‘Uncle, I surrender,” cries my Ego.

All those Parts of me that want to be in control, do it myself, know the right path, have it all figured out, need to know, are afraid to trust, tell me how great I am, tell me how flawed I am, remind me of all the “what if’s, could be’s —and the worst – all those “shoulds.”

All those Parts of me are exhausted, depleted, hopeless, depressed, enervated, bored, unhappy, frustrated, self-pitying, self-aggrandizing, judgmental, blaming, guilty, ashamed, and ready to walk away from everything I’ve created and wanted to offer all of my life.

Uncle. i give up.

But the “i” that is giving up is that little “i,” that “individual “i”, that small self of my ego – finally ready to SURRENDER to the strength of my SOUL.

I’m ready to take on my role as the Channel— which we all are — and release my Ego’s siren’s calls and quiet my mind enough to hear the quiet whispers of my heart’s true desires. 

I want to release the cacophony and flow into the peace.

Then I want to do the next right action that brings me joy.

Uncle, I surrender.

Uncle, Here I am (Hineini)

As Rosh Hashana approaches, HERE I AM, Dearest God, asking for forgiveness and willing to listen and respond to what I hear from YOU. 

God’s will be done.

I am but the Paint Brush waiting to be used by YOU.

TGKOW/TYDGA

January 9, 2006

The Patient Brush

There once was a brush, all bristly and new

Who wondered about all the things she would do.

She’d paint the skies red.

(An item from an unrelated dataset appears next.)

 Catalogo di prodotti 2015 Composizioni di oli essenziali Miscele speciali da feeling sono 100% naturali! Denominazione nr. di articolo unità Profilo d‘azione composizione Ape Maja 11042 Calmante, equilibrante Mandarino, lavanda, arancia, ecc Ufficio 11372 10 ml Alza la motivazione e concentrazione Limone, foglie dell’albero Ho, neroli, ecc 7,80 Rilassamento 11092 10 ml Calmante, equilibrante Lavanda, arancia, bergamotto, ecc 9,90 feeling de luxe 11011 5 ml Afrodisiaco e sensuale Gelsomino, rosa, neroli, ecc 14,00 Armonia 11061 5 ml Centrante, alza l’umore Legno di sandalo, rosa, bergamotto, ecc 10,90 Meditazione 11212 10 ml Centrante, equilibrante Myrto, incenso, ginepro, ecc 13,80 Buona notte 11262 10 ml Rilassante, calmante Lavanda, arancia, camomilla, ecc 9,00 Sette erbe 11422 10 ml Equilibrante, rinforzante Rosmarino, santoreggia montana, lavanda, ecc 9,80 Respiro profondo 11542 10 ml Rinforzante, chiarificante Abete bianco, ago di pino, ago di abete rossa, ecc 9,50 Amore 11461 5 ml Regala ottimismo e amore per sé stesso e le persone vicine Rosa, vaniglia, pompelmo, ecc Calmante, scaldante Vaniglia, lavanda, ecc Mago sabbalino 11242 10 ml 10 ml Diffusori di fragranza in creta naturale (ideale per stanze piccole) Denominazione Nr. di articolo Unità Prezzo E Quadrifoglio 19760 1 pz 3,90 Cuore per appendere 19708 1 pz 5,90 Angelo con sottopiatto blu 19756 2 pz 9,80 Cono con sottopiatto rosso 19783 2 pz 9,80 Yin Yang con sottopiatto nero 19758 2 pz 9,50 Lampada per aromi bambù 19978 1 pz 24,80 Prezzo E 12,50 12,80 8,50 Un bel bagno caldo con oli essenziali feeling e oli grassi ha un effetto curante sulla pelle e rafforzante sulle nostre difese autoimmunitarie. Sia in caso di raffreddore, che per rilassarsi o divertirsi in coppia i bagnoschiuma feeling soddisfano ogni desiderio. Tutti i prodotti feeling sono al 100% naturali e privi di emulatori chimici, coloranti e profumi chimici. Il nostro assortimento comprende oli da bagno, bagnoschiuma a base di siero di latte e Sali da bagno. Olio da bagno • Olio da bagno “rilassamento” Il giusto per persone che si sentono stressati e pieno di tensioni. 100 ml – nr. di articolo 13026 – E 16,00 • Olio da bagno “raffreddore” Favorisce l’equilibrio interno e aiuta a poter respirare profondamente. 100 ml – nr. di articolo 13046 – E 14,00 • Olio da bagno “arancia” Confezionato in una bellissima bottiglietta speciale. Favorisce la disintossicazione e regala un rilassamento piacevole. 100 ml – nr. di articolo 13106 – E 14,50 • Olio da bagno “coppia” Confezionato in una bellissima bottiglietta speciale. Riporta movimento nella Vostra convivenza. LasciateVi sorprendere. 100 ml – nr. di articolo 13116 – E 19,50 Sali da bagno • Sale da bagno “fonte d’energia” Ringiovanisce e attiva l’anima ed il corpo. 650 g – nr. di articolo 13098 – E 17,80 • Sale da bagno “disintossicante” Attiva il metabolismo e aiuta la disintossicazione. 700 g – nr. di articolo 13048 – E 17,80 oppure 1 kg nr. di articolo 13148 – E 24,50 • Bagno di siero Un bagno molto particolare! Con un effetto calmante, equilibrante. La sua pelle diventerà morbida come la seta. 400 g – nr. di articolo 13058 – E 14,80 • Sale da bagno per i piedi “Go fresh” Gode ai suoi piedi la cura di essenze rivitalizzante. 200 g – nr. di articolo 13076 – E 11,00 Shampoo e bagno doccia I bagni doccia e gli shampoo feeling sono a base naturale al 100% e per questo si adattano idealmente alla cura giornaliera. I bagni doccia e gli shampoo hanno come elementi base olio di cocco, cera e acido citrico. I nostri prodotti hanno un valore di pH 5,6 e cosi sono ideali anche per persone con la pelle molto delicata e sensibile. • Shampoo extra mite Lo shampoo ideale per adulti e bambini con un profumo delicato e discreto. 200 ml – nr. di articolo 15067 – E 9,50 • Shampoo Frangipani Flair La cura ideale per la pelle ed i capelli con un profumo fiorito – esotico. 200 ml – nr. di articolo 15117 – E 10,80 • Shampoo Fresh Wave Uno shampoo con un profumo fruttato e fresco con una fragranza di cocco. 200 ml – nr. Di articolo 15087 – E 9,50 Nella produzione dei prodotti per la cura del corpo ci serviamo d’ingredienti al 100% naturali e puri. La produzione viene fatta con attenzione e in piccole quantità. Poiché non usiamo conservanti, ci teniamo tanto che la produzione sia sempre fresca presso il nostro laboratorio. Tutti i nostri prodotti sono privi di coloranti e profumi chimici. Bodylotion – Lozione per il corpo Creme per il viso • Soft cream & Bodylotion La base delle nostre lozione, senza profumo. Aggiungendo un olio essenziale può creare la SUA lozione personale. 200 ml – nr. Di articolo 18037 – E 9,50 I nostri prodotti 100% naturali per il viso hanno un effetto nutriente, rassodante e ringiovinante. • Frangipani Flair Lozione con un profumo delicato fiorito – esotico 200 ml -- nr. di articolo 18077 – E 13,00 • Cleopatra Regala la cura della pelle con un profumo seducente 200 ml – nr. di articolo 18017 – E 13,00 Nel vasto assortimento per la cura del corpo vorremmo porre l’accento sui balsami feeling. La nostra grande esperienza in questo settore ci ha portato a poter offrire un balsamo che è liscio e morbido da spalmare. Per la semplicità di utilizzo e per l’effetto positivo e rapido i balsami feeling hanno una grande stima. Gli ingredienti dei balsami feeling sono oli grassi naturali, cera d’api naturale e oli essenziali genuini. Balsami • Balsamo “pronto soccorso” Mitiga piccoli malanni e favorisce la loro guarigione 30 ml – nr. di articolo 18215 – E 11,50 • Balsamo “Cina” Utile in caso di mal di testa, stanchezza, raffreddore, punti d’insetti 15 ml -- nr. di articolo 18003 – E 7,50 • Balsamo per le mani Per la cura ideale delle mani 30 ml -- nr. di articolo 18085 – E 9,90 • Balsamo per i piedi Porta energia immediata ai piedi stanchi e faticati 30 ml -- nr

She’d color seas green.

She’d become the best brush that had ever been seen.

She flittered about in a flash and a flurry

And wherever she’d go, she’d rush in a hurry.

So much to do. So much to create.

She could never sit still, and just dry up and wait.

She saw other brushes that made her feel small.

She tried even harder to out-paint them all.

Her bristles got matted. Her handle got rusty.

Her pictures were blurry. Her ideas got musty.

With nowhere to turn and no end in sight. 

She frantically busied to make things feel right.

And one day she saw in the bunch an old brush,

Who patiently waited, with no need to rush.

That brush did not care, as it stayed very still. 

It had no agenda, no worries, no will.

It just rested and waited, as it seemed to just know

That its purpose was clear when the right time would show.

The Old Brush was present, the Old Brush was clean.

The Old brush was quiet, and almost serene.

The hand of The Painter then slowly descended,

And picked up the Old Brush, with a purpose transcendent. 

As the Painter took over, the Old Brush just flew

Creating a masterpiece again and anew.

And the harried brush pondered, feeling lost and depleted, 

If it could get quiet would it ever be needed.

It decided to slow down. It got very still.

It surrendered its ego. It gave up its will. 

And The Painter could find it when its bristles were needed.

For it had its own purpose when its ego receded.

The Painter could use it to create works anew.

All of which were beyond what that lone brush could do.

So as you scurry and scamper to get through the day.

Can The Painter now find you? Do you get in your way?

If you get still and quiet, when the timing is right, 

The Painter can lead you, with no effort or fright.

You will sail through your day with grace, joy and ease.

Which brush are you? Be the patient one please.

For you’ll find we’re all brushes, and each one is great.

As we trust in The Painter and then co-create.